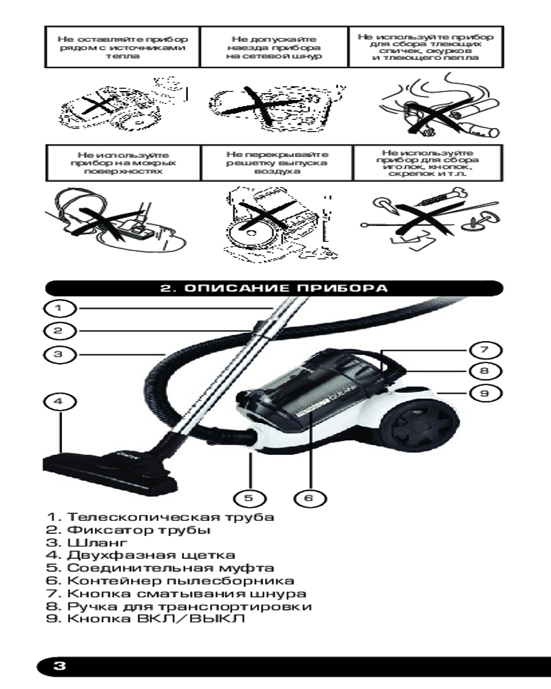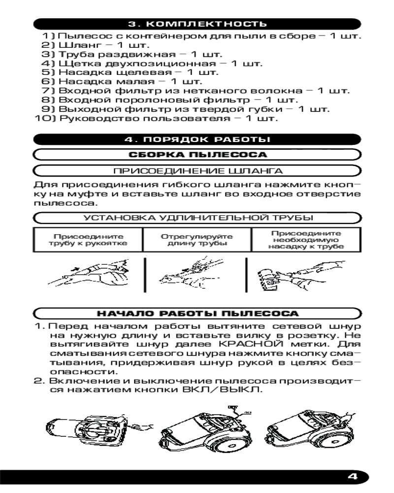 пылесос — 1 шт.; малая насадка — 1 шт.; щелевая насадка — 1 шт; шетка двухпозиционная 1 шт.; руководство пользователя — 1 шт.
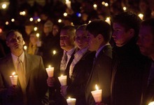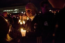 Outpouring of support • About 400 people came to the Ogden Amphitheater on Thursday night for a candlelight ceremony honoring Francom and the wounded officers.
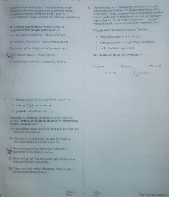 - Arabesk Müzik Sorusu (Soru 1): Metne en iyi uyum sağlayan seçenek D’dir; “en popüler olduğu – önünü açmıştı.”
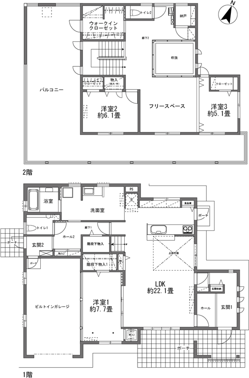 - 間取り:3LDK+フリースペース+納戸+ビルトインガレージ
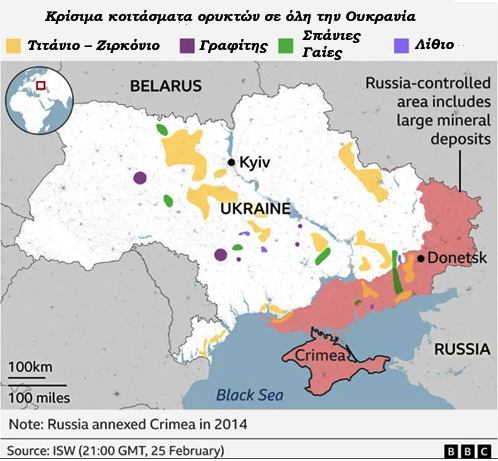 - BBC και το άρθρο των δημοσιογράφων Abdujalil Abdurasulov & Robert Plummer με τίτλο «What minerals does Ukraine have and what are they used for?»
══════════════════════════════
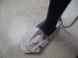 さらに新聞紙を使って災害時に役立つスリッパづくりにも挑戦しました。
══════════════════════════════
- Exercise
Beginning with the line above that contains "- 間取り:3LDK+フリースペース+納戸+ビルトインガレージ" and finishing with the line that contains "- BBC και το", print those lines exactly and only. Skip all pictures.

- Your solution
 - 間取り:3LDK+フリースペース+納戸+ビルトインガレージ
 - BBC και το άρθρο των δημοσιογράφων Abdujalil Abdurasulov & Robert Plummer με τίτλο «What minerals does Ukraine have and what are they used for?»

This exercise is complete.